Personally I think that none of us voluntarily seeks a discussion , however, many times we find two completely opposite needs not met (ours and the other person's), to which neither of us knows how to name or communicate properly and this makes us unwittingly become a conflict.

2. Take a breath and think about the needs of each one

The next time you detect that your automatic of anger is triggered ... Stop and ask yourself:

What need of mine is not being covered? And then ask yourself, What possible need of the other person is not being covered?

If in a discussion we try to cover both needs, from humility, from tranquility, from the perspective that no need is more important than the other, but are different and valid needs, at that moment and in both people, then the discussion has ended.

3. Reinterpret conflicts and give them a positive exit

Turn your conflicts into a search for solutions , trying to cover both needs as much as possible, and validating both needs as legitimate and equally important.

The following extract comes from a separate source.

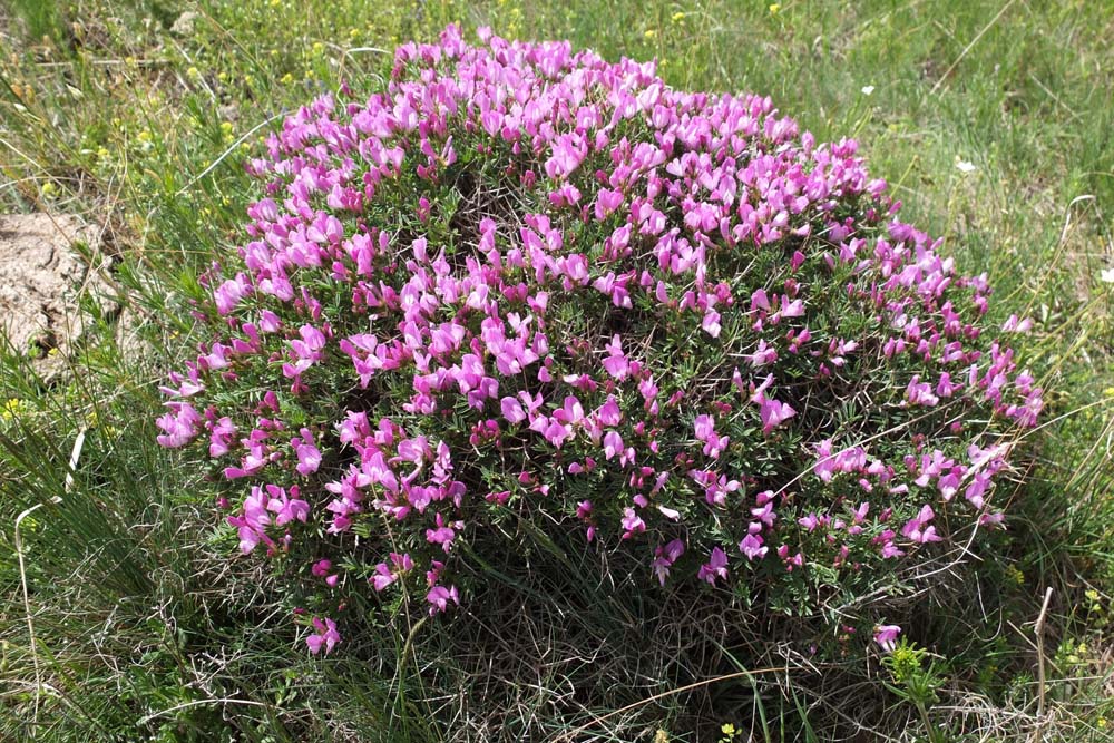 Pentes couvertes par des coussins rose foncé d’Onobrychis cornuta

Sometimes we can not cover both needs at the same time, but we can always resolve the conflict by validating both needs as important and looking for a possible solution even if some, a little more is postponed.

I propose that in your next discussion you start by asking yourself:

What do I need? ... And the other person, what do you need?

What are the needs that are not being met?

You will see how your anger will automatically diminish.


5 Keys to Controlling Anger (May 2021).